Transcribe word for word the section of the records below that opens with the line containing "Το Oakland ξεπέρασε" and closes with the line containing "整个演出场馆以雪花的「六片花"; drop every picture.
### Supplied records ###
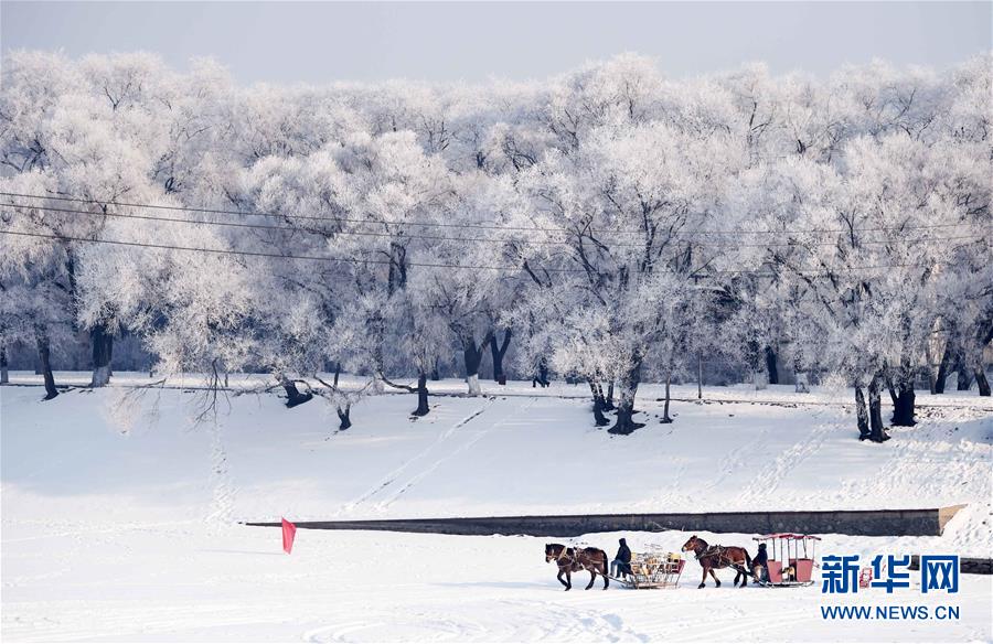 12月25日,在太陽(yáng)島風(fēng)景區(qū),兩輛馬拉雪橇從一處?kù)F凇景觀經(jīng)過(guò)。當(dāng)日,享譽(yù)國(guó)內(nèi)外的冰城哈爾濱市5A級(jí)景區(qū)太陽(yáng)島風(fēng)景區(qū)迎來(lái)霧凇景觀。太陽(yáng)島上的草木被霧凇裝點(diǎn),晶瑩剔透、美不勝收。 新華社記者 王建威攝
###
### Supplied records ###
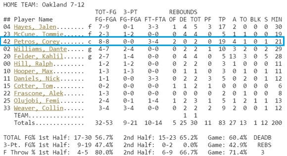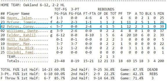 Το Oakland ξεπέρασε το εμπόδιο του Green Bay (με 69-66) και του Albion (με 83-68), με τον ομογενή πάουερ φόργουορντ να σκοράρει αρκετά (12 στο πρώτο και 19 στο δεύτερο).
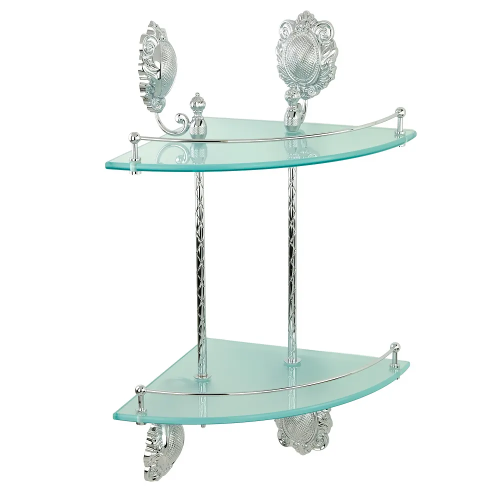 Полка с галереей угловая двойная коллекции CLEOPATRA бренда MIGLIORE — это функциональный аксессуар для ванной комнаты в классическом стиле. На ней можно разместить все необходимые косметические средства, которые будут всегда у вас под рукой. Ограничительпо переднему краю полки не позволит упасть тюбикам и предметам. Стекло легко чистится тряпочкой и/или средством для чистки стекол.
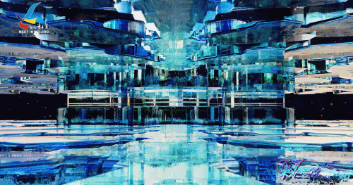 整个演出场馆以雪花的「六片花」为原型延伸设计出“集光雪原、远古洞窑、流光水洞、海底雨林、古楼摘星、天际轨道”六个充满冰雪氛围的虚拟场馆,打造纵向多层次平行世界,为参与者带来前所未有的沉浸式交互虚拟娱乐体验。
###
→ Answer below
 Το Oakland ξεπέρασε το εμπόδιο του Green Bay (με 69-66) και του Albion (με 83-68), με τον ομογενή πάουερ φόργουορντ να σκοράρει αρκετά (12 στο πρώτο και 19 στο δεύτερο).
 Полка с галереей угловая двойная коллекции CLEOPATRA бренда MIGLIORE — это функциональный аксессуар для ванной комнаты в классическом стиле. На ней можно разместить все необходимые косметические средства, которые будут всегда у вас под рукой. Ограничительпо переднему краю полки не позволит упасть тюбикам и предметам. Стекло легко чистится тряпочкой и/или средством для чистки стекол.
 整个演出场馆以雪花的「六片花」为原型延伸设计出“集光雪原、远古洞窑、流光水洞、海底雨林、古楼摘星、天际轨道”六个充满冰雪氛围的虚拟场馆,打造纵向多层次平行世界,为参与者带来前所未有的沉浸式交互虚拟娱乐体验。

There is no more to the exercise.